[Aim of the task]
Each line, starting at the one with "1.接線端子  2.均壓球  3.均壓環  4.驗電器  5.固定器  6.絕緣管  7.平車" and running to the end of the data below, is to be set down again exactly, both ends included; leave pictures out.

[Recorded information]
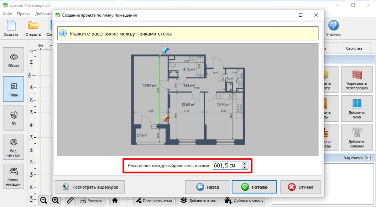 Укажите расстояние между точками, чтобы программа правильно масштабировала чертеж по размерной сетке. Кликните «Готово».
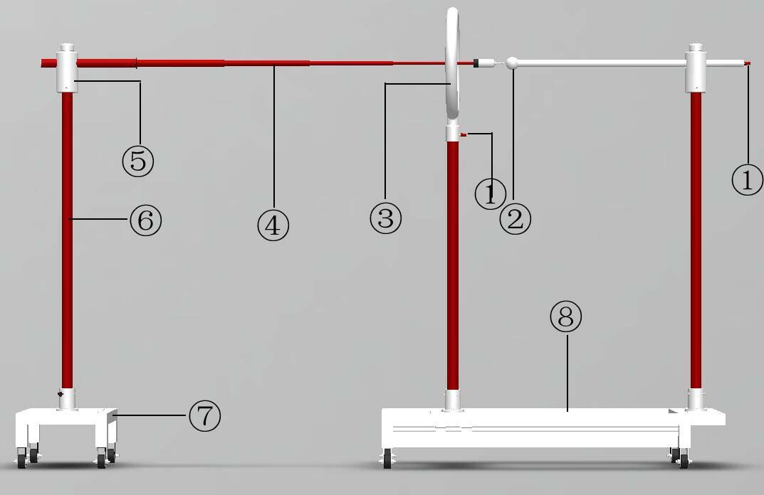 1.接線端子  2.均壓球  3.均壓環  4.驗電器  5.固定器  6.絕緣管  7.平車 8.帶導軌平車
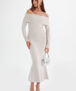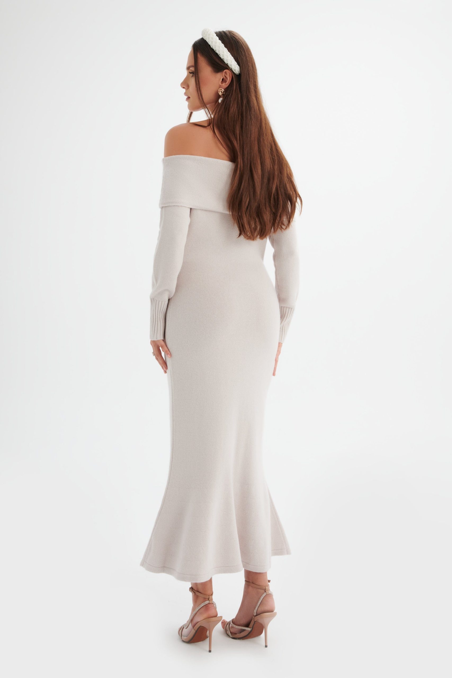 Skilfully crafted with a blend of wool, enhanced with cashmere, our CLOVER dress offers a plush and lavish feel. The folded Bardot neckline and snug sleeves, with textured ribbed cuffs, enhance the off-shoulder design, while the fit-and-flare fishtail hem delivers a touch of refinement. Ideal for any event, this midi dress radiates grace and ease.

[Task result]
 1.接線端子  2.均壓球  3.均壓環  4.驗電器  5.固定器  6.絕緣管  7.平車 8.帶導軌平車
 Skilfully crafted with a blend of wool, enhanced with cashmere, our CLOVER dress offers a plush and lavish feel. The folded Bardot neckline and snug sleeves, with textured ribbed cuffs, enhance the off-shoulder design, while the fit-and-flare fishtail hem delivers a touch of refinement. Ideal for any event, this midi dress radiates grace and ease.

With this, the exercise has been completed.